• [WORK ORDER]: Produce the lines from the one containing "夏天,位于香格里拉市小中甸鎮" through the end of the material exactly as they appear, both ends included, and leave the pictures out.

• [AVAILABLE RECORDS]:

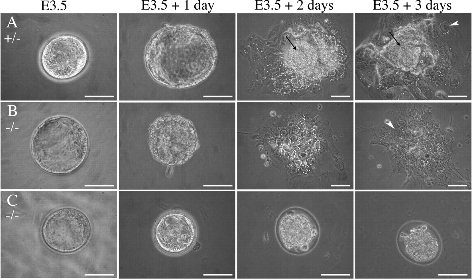 FIG. 4. Cultures of embryos derived from mNle+/− intercrosses. E3.5 blastocysts were harvested and cultured for 3 days. mNle+/+ and mNle+/− blastocysts (A) hatched from the zona pellucida after 1 day and attached to the culture dish. During the following days, the ICM proliferated (arrows) and the trophectoderm differentiated (arrowheads). mNle−/− blastocysts were indistinguishable from controls at E3.5 (B and C). After 24 h in vitro, most of them were unable to hatch from the zona (C) and degenerated rapidly. The remaining mNle−/− embryos hatched (B) and attached to the dish, and the trophectoderm expanded and differentiated (arrowhead). However, after 2 days in culture, the ICM degenerated and was no longer discernible. Bars, 50 μm. |
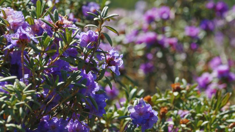 夏天,位于香格里拉市小中甸鎮(zhèn)的杜鵑花海競相綻放,紫色、粉色的花朵開成了海,與藍天白云遙相呼應,藏房點綴其間,美不勝收。每當花季,當?shù)氐睦习傩赵诨ê_厰[起特色美食,牦牛酸奶、苦蕎粑粑、酥油茶等美食供游客享用,坐在花海邊,品嘗當?shù)靥厣朗?,是這個夏天小中甸花海獨有的浪漫。
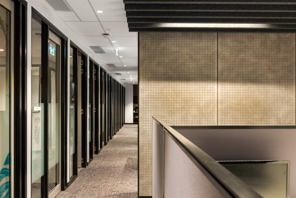 The tenant – a large accounting firm – required a modern, open office fitout, with managed acoustics for privacy, a foyer, and an adjustable meeting room to encourage client engagement and provide flexible arrangements.
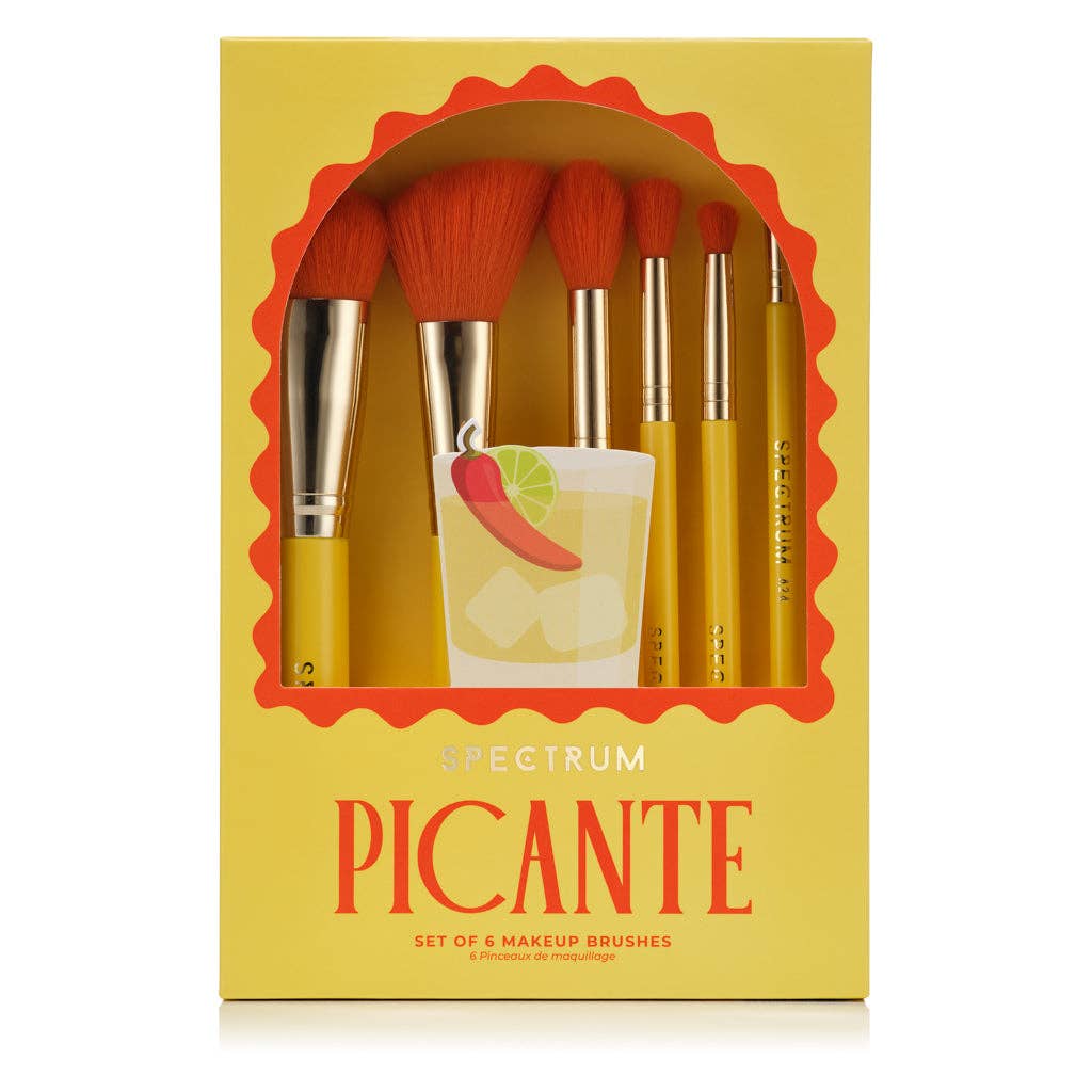 Raise the beauty bar with our 6-piece Cocktail Collection. The set includes the perfect mix of face, eye and brow brushes in bold shades inspired by our favourite drinks. Create a flawless use with the ease B13 brush, sculpt and make cheeks pop with the A05 cheek brush, brighten under eyes with concealer or add a pop of highlight with the B08 brush, beautifully blend eyeshadow with the B06 blending brush and define the crease and lash line with A12 fluffy pencil. Finally style brows into place with the A24 brow styler.
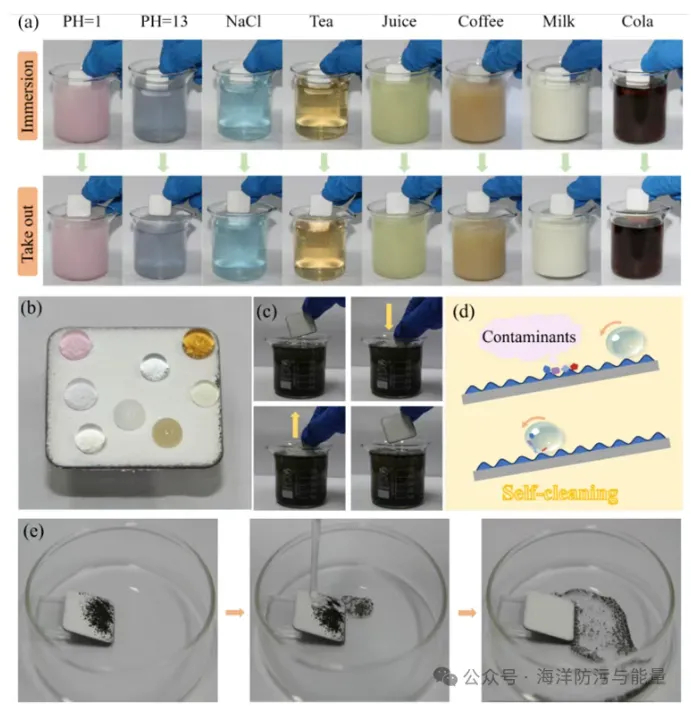 图5.(A)ZIF-8@SiO2/NPDI涂层在酸、碱、盐、茶、果汁、咖啡、牛奶和可乐液体中的浸泡和去除图;(B)八种液体污染物在ZIF-8@SiO2/NPDI涂层上的图像;(C)ZIF-8@SiO2/NPDI涂层在含有颗粒污染物的液体中的浸泡和去除示意图;(D)ZIF-8@SiO2/NPDI涂层的自洁示意图;(E)ZIF-8@SiO2/NPDI涂层的自洁实验示意图。

• [YOUR RESPONSE]:
 夏天,位于香格里拉市小中甸鎮(zhèn)的杜鵑花海競相綻放,紫色、粉色的花朵開成了海,與藍天白云遙相呼應,藏房點綴其間,美不勝收。每當花季,當?shù)氐睦习傩赵诨ê_厰[起特色美食,牦牛酸奶、苦蕎粑粑、酥油茶等美食供游客享用,坐在花海邊,品嘗當?shù)靥厣朗?,是這個夏天小中甸花海獨有的浪漫。
 The tenant – a large accounting firm – required a modern, open office fitout, with managed acoustics for privacy, a foyer, and an adjustable meeting room to encourage client engagement and provide flexible arrangements.
 Raise the beauty bar with our 6-piece Cocktail Collection. The set includes the perfect mix of face, eye and brow brushes in bold shades inspired by our favourite drinks. Create a flawless use with the ease B13 brush, sculpt and make cheeks pop with the A05 cheek brush, brighten under eyes with concealer or add a pop of highlight with the B08 brush, beautifully blend eyeshadow with the B06 blending brush and define the crease and lash line with A12 fluffy pencil. Finally style brows into place with the A24 brow styler.
 图5.(A)ZIF-8@SiO2/NPDI涂层在酸、碱、盐、茶、果汁、咖啡、牛奶和可乐液体中的浸泡和去除图;(B)八种液体污染物在ZIF-8@SiO2/NPDI涂层上的图像;(C)ZIF-8@SiO2/NPDI涂层在含有颗粒污染物的液体中的浸泡和去除示意图;(D)ZIF-8@SiO2/NPDI涂层的自洁示意图;(E)ZIF-8@SiO2/NPDI涂层的自洁实验示意图。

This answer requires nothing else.